The brokerage has turned cautious on markets at the prevailing level and said that broader indices would consolidate in a narrow range taking cues from progressive economic data points post COVID-19 led disruption, crude price movement and FII flows.
“The focus as an investor in such uncertainty should be on buying businesses that have sustainable competitive advantage (moat), limited leverage (strong B/S) and are capital efficient in nature,” ICICI Securities said.
Given cautious corporate management commentary, the demand recovery is expected to be gradual or U-shaped in nature as against earlier anticipation of a V-shaped recovery.
The brokerage has cut earnings estimates over FY20E-22E across all sectors barring the power sector and somewhat limited in the pharma space. The steepest decline is in the banking and the non-banking finance company (NBFC) space courtesy moratorium period on existing loans and consequent delay in the improvement of asset quality parameters along with the auto space given pressure on auto sales volumes and associated perils of negative operating leverage.
ICICI Securities has revised downward FY20E, FY21E, FY22E EPS estimates for Nifty by 22 percent, 27 percent, 20 percent to Rs 403, Rs 397, Rs 543 per share, respectively.
“With forward earnings growth now at 16.0 percent CAGR, over FY20-22E, albeit on a low base, we now value the Nifty at 10,300 levels i.e. 1.2x PEG on FY22E EPS of Rs 543 with corresponding Sensex target placed at 34,800,” the brokerage said in a report.

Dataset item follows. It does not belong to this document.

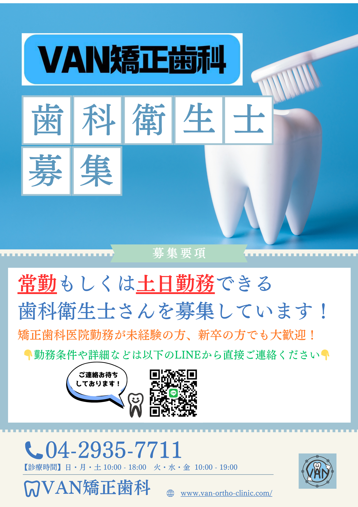 現在、VAN矯正歯科では歯科衛生士の求人募集をしています。

With respect to sectoral weights, there has been a minor tweaking.
The BFSI space weight has gone down further to 33.7 percent from 35 percent with index heavyweight in the oil & gas space further consolidating its position taking the segmental index weight to 14.6 percent (up 190 bps), it said.
The FMCG stocks have witnessed profit booking in the recent past, with their index weight declining from 12 percent to 10.4 percent.
These index weights are dynamic in nature due to market price movement and susceptible to change, going forward, the brokerage noted.